A weekend of contrasts


As the title of post hopefully suggests, we experienced two contrasting sides of Lithuania this weekend. Yesterday (Saturday) the brighter side of life in Vilnius was on view, as we spent a relaxing afternoon simply wandering about. Just down the road from our temporary quarters is the monument to Frank Zappa, one of the two coolest things about Lithuania (the other is its historical status of being the last pagan country in Europe). The statue, the first of Moon Unit's father put up anywhere in the world, was created by a sculptor whose previous works had been of Lenin and other comrades. As for the connection between Zappa and Lithuania, as far as I know there isn't one:



Unusually for this family of carnivores, lunch was a vegetarian treat at a restaurant on Gedimino prospektas called Radharanė. The kofta, deep fried paneer-spinach balls, with basmati rice and salad (and washed down with strawberry lemonade), almost made me change my dietary convictions:



Yesterday was International Street Musician's Day, and seemingly on almost every corner in Vilnius' Old Town there were performers doing their thing - from child violin prodigies to earnest folk musicians to hard rock groups doing covers of Rage Against the Machine songs that were probably recorded before they were born (my gawd, am I really that old now?):



With generally good weather apart from a brief spot of mildly heavy rain, and people out enjoying the music on the cobblestone streets, this was European living at its finest, I thought, as I sat back with a beer at an outdoor cafe, watching the party bike pedal by and making mental notes of sightseeing spots to visit on future weekend outings:



But though it's an undeniably beautiful continent, there's also a dark side, a region the soil of which has been thoroughly soaked in blood and suffering over the centuries. And the worst moments in European history occurred in the not-too-distant past. Lithuania is no exception, and today (Sunday) the three of us made a sobering pilgrimage to Paneriai, a short train ride from Vilnius. The outing nonetheless kicked off on a lighthearted foot, with my daughter being amused by an odd statue next to the station platform, and our my excitement over our first train ride in Lithuania:



The tickets were cheap (only €0.60 each, about 70¢), and the train was clean, modern and punctual. The ride itself took only eight minutes, and yet as we got off at the unmanned Paneriai Station, we were already in the countryside. Our destination was 960 meters (0.6 miles) away, along a quiet, tree-lined road:


The scenery of the rural road made it all the harder to believe that Paneriai was the site of the Ponary massacre which took place during the Second World War. It was here that around 100,000 people were murdered by the Nazis (and a squad of Lithuanians) between June 1941 and June 1944. 70% of the victims were Jewish, with the rest including Poles, Soviet POW's, Roma and about 500 Catholic priests.
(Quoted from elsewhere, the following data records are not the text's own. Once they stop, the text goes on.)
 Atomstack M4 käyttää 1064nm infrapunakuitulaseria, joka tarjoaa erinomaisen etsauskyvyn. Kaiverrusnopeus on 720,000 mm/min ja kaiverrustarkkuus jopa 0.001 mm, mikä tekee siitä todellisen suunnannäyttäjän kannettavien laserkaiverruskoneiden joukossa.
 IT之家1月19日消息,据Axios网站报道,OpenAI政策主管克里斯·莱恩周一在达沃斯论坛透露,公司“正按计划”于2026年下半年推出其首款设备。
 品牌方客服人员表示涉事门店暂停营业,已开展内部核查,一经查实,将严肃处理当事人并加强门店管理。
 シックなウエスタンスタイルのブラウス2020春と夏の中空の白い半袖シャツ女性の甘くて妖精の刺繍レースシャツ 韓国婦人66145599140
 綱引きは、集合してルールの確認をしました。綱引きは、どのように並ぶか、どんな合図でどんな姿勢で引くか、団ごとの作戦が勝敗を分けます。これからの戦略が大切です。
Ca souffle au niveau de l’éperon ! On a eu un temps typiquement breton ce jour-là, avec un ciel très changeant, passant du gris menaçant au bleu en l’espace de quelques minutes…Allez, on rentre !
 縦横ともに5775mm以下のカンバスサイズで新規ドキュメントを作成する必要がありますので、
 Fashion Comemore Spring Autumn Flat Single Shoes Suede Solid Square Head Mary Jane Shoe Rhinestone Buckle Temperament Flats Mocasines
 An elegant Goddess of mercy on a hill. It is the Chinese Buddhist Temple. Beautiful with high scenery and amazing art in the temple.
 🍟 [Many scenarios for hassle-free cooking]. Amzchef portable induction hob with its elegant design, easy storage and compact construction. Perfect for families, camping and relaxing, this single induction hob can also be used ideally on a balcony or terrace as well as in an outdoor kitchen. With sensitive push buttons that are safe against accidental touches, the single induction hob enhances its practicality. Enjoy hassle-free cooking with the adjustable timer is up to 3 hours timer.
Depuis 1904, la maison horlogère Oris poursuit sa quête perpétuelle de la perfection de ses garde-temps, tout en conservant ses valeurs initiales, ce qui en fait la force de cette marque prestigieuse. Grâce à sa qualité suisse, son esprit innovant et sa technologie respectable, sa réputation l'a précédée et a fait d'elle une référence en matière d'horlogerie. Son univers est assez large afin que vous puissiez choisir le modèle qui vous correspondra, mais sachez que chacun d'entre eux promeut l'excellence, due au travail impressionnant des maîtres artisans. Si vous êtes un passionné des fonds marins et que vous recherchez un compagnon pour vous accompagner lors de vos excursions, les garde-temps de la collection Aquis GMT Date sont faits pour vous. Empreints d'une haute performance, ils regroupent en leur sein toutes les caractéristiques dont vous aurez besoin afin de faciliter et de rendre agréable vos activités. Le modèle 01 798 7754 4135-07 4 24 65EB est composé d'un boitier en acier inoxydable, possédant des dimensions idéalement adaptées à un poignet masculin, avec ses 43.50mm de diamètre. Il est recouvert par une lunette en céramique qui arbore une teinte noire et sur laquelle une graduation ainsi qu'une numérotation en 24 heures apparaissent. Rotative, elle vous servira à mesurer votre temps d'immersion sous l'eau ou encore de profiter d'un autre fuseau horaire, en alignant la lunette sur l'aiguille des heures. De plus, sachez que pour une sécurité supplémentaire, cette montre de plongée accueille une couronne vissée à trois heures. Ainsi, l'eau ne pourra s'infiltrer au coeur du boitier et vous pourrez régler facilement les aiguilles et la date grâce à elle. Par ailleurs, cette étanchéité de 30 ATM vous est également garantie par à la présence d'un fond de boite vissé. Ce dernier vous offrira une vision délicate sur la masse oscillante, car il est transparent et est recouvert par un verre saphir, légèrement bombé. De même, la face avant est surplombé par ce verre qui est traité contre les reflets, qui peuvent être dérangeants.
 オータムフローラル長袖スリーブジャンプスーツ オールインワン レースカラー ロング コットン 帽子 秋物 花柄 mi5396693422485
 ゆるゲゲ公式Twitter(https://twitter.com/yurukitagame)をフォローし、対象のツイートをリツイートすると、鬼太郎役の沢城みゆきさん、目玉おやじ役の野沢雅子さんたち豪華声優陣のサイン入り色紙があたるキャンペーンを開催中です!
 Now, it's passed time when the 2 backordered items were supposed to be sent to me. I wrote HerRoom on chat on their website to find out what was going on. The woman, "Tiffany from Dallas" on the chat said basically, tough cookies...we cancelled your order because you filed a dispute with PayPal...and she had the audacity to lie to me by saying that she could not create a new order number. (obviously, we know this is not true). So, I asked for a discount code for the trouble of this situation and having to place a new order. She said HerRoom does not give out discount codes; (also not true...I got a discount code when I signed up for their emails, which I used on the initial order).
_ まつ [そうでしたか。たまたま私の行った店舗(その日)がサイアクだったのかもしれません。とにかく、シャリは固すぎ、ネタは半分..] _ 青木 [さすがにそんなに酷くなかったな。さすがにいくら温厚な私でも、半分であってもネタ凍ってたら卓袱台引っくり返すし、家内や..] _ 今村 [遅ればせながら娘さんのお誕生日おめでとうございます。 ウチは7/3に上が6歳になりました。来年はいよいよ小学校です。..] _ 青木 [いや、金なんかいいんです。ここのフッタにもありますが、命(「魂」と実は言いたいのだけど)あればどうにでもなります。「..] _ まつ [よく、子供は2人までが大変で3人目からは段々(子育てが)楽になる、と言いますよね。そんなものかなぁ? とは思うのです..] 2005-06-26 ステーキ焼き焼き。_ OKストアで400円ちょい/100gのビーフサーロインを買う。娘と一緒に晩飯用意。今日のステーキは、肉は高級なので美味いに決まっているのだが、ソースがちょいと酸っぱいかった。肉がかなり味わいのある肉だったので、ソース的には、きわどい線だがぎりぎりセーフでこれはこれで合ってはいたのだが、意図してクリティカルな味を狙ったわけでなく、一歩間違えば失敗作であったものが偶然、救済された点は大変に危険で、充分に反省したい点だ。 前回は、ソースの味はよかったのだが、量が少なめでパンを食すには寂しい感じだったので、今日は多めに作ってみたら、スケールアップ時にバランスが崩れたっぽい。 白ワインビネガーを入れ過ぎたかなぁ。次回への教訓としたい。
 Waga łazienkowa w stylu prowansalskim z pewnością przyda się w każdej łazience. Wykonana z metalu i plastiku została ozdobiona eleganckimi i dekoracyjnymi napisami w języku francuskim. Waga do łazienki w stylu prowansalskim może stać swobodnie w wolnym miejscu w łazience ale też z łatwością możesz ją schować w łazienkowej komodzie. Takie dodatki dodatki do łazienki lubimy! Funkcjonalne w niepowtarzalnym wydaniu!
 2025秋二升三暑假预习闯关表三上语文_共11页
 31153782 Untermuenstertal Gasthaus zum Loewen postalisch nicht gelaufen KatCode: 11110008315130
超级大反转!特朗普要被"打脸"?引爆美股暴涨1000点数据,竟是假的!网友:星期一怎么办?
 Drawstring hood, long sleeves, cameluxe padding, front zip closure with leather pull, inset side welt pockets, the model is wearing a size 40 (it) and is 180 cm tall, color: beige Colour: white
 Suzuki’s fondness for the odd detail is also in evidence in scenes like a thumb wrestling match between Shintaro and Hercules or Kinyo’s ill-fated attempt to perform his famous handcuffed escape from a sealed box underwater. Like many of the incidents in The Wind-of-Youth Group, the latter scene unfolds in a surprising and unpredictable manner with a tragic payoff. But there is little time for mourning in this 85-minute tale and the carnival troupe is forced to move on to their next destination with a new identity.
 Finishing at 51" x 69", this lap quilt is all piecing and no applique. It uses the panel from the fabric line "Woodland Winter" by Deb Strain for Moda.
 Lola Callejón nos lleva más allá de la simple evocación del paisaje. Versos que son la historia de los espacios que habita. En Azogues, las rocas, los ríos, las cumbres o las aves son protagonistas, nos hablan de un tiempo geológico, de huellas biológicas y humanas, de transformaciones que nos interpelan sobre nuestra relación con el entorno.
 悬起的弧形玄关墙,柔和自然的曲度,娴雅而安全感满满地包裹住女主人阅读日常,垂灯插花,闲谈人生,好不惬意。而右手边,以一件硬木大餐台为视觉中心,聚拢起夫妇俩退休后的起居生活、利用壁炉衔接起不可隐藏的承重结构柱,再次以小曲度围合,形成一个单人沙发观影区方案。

We entered the Paneriai Holocaust Memorial (free) and approached the first of two monuments to the victims of the massacre, topped with the Star of David (and erected only in 1991, after Lithuania had freed itself from Soviet occupation):


The rear of the monument has one of the few English inscriptions in the memorial, with everything else being in Lithuanian and Russian (I did pick up an informative English-language pamphlet at the on-site museum). Vilnius had a thriving Jewish community, one of the largest in Europe, prior to the German invasion of the Soviet Union, but it was almost completely wiped out by the Nazis and their local collaborators:


The other main monument had been put up in 1948.  Marked with a Soviet star, it's dedicated to the "victims of Fascist terror" (pointedly ignoring the fact that the overwhelming majority of the dead here were Jews). At the time the killings began in 1941, Lithuania (along with Latvia and Estonia) was part of the U.S.S.R., having been annexed by the Soviets a year earlier as part of the secret protocols of the notorious Molotov-Ribbentrop Pact, and the victims were considered to be Soviet citizens:


The Paneriai Museum is small, but it tells in graphic and moving detail the horrifying story of what happened in these once-peaceful woods, with informative English captions. Most heart-wrenching was the description of the cold-hearted executions of children. The museum tells a story that needs to be told so that nothing like what happened there should ever occur again:



From the museum, we walked around the grounds of the memorial. After the Soviet takeover of Lithuania, the area was intended to be the site of an oil storage facility, and the Nazis took advantage of the pits that had been excavated for the purposes of storing oil tanks to dispose of the bodies of those they had executed. In this pit were stored the victims' clothing, footwear and personal belongings:


As the Red Army approached in the late spring and early summer of 1944, the Germans were desperate to hide the evidence of the crimes they had committed. Slave laborers were used to dig up the corpses and then burn them in order to eradicate all traces of the massacre. This is one of the pits where the bodies were incinerated:


This was the biggest of the massacre pits. As the Lonely Planet Estonia, Latvia & Lithuania guidebook describes the process:

The Nazis lined up their victims 10 at a time and shot them in the back of the head, allowing the corpses to simply fall into the pits. Several hundred people a day could be killed in this way. The bodies were then covered in sand to await the next layer.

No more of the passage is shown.